I don’t know what it is about the sun coming out and signalling that Summer might actually be on it’s merry way that makes me crave egg salad. I’m weird like that.
Yup. Everyone else is digging around their closets for last year’s flip-flops and I’m in the kitchen waiting for water to boil.
For years I would have said that my favourite sandwich was bacon & tomato with Miracle Whip on untoasted white bread. A totally carry-forward from my childhood.
But now I realize that although my love for bacon is extreme and unparalleled, egg salad has taken over the top spot in sandwich deliciousness for me. And Miracle Whip isn’t even allowed in my fridge anymore. Gimme real mayo.

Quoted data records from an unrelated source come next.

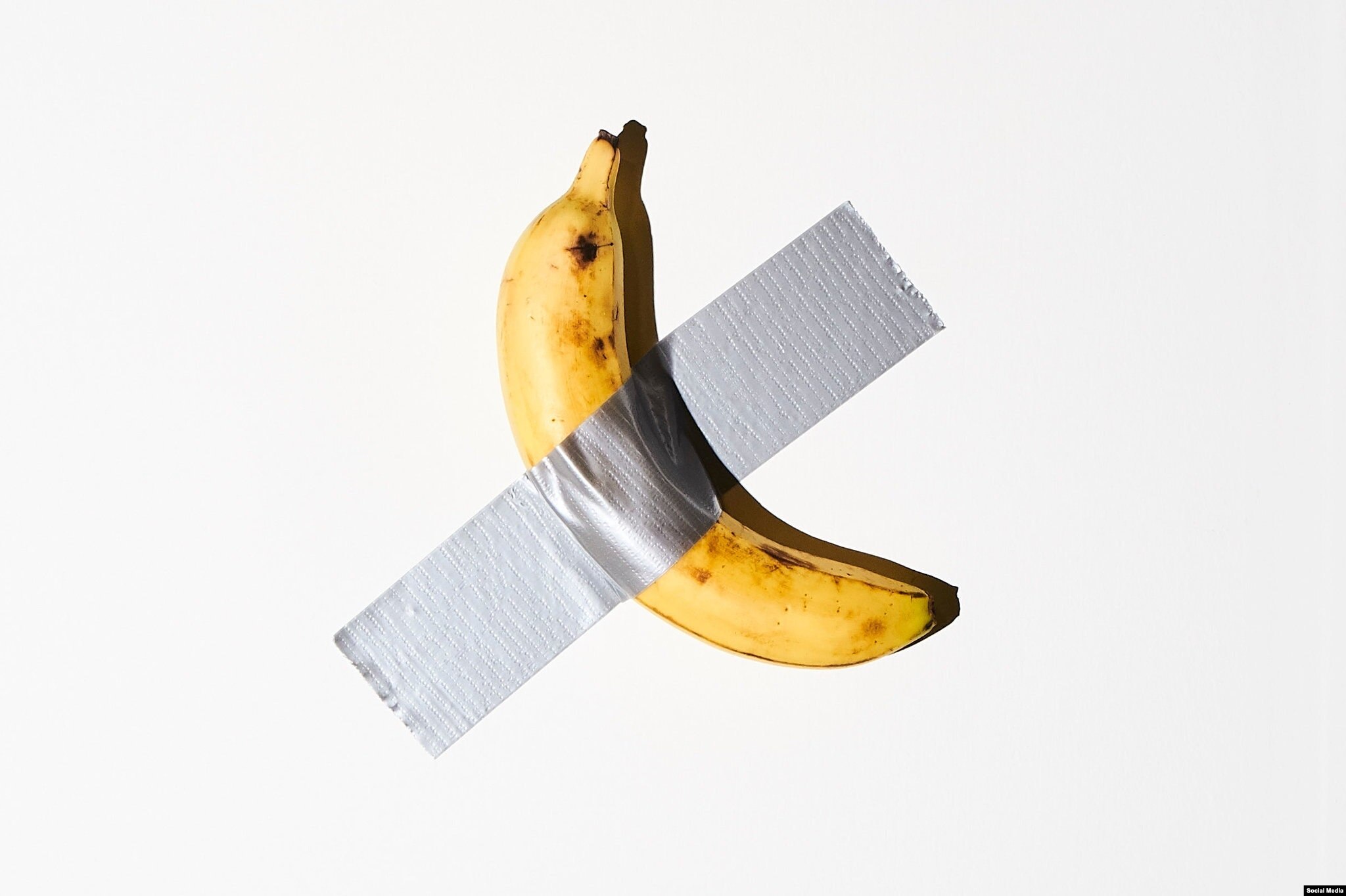 Приклеенный серым скотчем к стене банан под названием "Комедиант", продали на аукционе Sotheby's за 6,2 миллиона долларов.
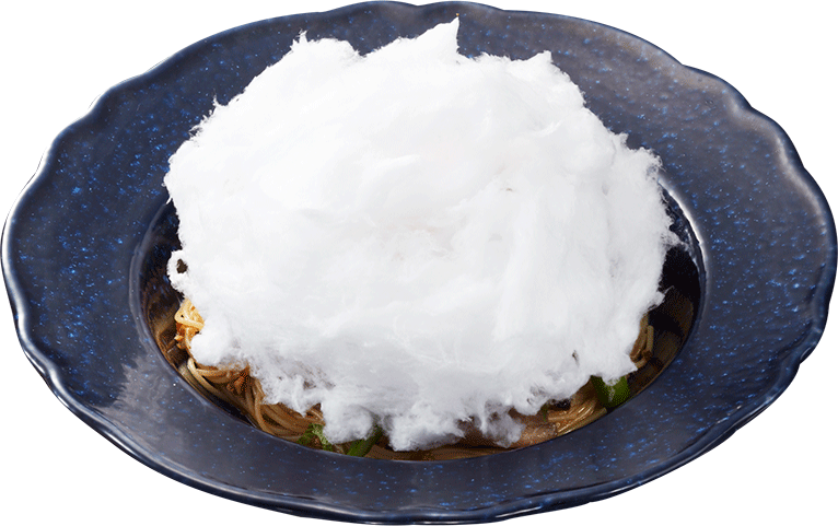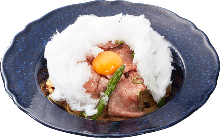 お皿いっぱいにのった、ふわふわのコットンキャンディに野菜だしを注ぐと、卵黄やアスパラなどの色鮮やかな具材が現れる新感覚の冷製パスタです。醤油ベースのパスタに、たっぷりのローストビーフや卵黄、コットンキャンディを組み合わせ、すき焼き風の甘辛いパスタに仕上げました。お好みで別添えの西洋わさびやブラックペッパーを加え、キレのある味わいへの変化をお楽しみください。
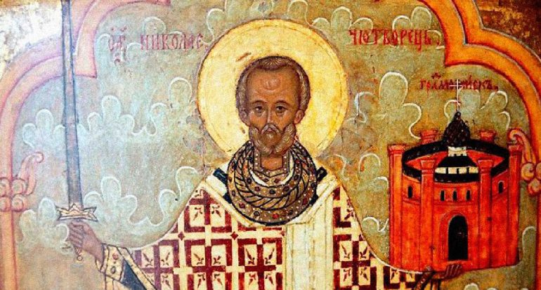 Традиционно святителя Николая Мирликийского изображали с благословляющей правой рукой и с Евангелием в левой.

I keep it simple. (For two sandwiches…)
- 2 hard boiled eggs, chilled and chopped
- 1 green onion, chopped
- tiny squirt of Dijon mustard
- 1 tbsp olive oil mayo
- sprinkle of dill
- pinch of salt & pepper
I absolutely LOVE sunflower sprouts with my egg salad (truth be told, I would put sunflower sprouts on pretty much any sandwich). If I can’t get them, then regular sprouts would suffice….I suppose.
And there is something about a squishy fresh cheese roll from the supermarket bakery that just screams Summer to me too. I blame my Mom. :)
I’ve eaten these for lunch three times this week and I just may dive into the last few scoops of egg salad today. Gotta keep my strength up for enjoying long walks in the sun with the naked little pooper you know!
How do you make your egg salad? Pickles, carrots, celery?